Why Diff-match-patch broken linediff beyond 65K lines

1k Views Asked by At

I try using The google diff-match-path library for line diffs: https://github.com/google/diff-match-patch/wiki/Line-or-Word-Diffs. I get wrong patches when in sum the lines of both inputs goes beyond 65,536 (2^16) lines.

Is that a bug (in my code or diff-match-patch), or am I hitting a known limitation of javascript/nodejs? Anything I can do to use d-m-p with larger files?

Using node version v6.3.1, diff-match-patch 1.0.4

This script reproduces the problem

var diff_match_patch = require("diff-match-patch")

// function copied from google wiki 
// https://github.com/google/diff-match-patch/wiki/Line-or-Word-Diffs
function diff_lineMode(text1, text2) {
  var dmp = new diff_match_patch();
  var a = dmp.diff_linesToChars_(text1, text2);
  var lineText1 = a.chars1;
  var lineText2 = a.chars2;
  var lineArray = a.lineArray;
  var diffs = dmp.diff_main(lineText1, lineText2, false);
  dmp.diff_charsToLines_(diffs, lineArray);
  return diffs;
}

// reproduce problem by diffing string with many lines to "abcd"
for (let size = 65534; size < 65538; size += 1) {
  let text1 = "";
  for (let i = 0; i < size; i++) {
    text1 += i + "\n";
  }

  var patches = diff_lineMode(text1, "abcb")
  console.log("######## Size: " + size + ": patches " + patches.length)
  for (let i = 0; i < patches.length; i++) {
    // patch[0] is action, patch[1] is value
    var action = patches[i][0] < 0 ? "remove" : (patches[i][0] > 0 ? "add" : "keep")
    console.log("patch" + i + ": " + action + "\n" + patches[i][1].substring(0, 10))
  }
}

Giving these outputs:

######## Size: 65534: patches 2
patch0: remove
0
1
2
3
4

patch1: add
abcb
######## Size: 65535: patches 2
patch0: remove
0
1
2
3
4

patch1: add

######## Size: 65536: patches 2
patch0: keep
0

patch1: remove
1
2
3
4
5

######## Size: 65537: patches 3
patch0: remove
0

patch1: keep
1

patch2: remove
2
3
4
5
6
1

There are 1 best solutions below

0
On

It's a limitation from ES5 and the algorithm mapping lines to 16bit unicode characters. On ES6, it can be extended to 2^21 bit instead, covering longer files.

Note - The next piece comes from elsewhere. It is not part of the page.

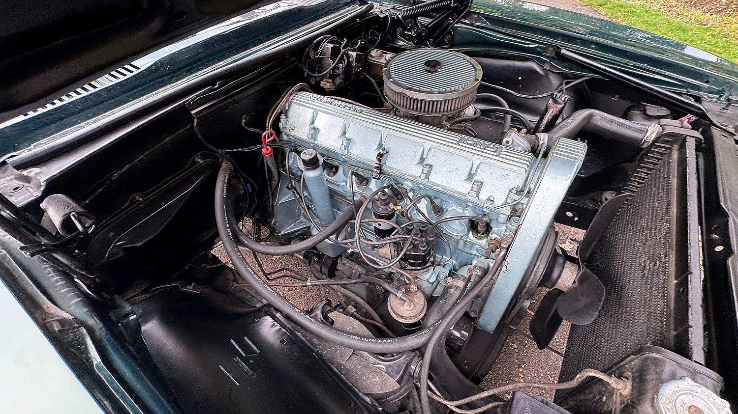 Between the front wheel wells is a 250ci OHC inline-six fitted with a four-barrel carburetor and connected to a two-speed automatic. A set of manual drum brakes slow that go.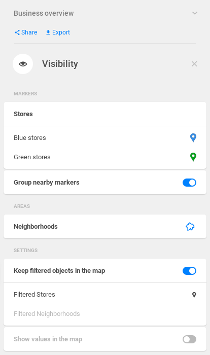Its style will be marker-blue and we will filter it by the store_type property of the stores dataset. We will link it to this dataset in the respective marker selector later. If the property value equals to "Blue", the marker will be blue.

To speed up line-diffing, the algorithm does not compare the whole texts, but replaces each line with a single unicode character. So each character in the replacement maps to one unique line in a hashmap. The number of unicode characters however is limited, and the current implementation merely overflows.

This will not cause false positives (same lines will still be considered same), but it may miss some line differences at a low probability of 1/65K per line for natural diffs.

And it prevents the patches to be mapped back to the original text lines reliably, because different lines were mapped to the same character, so the inverse process maps all such chars to the first mapped line.

It should be possible to scale correct diffing to much larger inputs by using a larger target space of symbols, such as by using 2 or 3 characters to represent unique lines.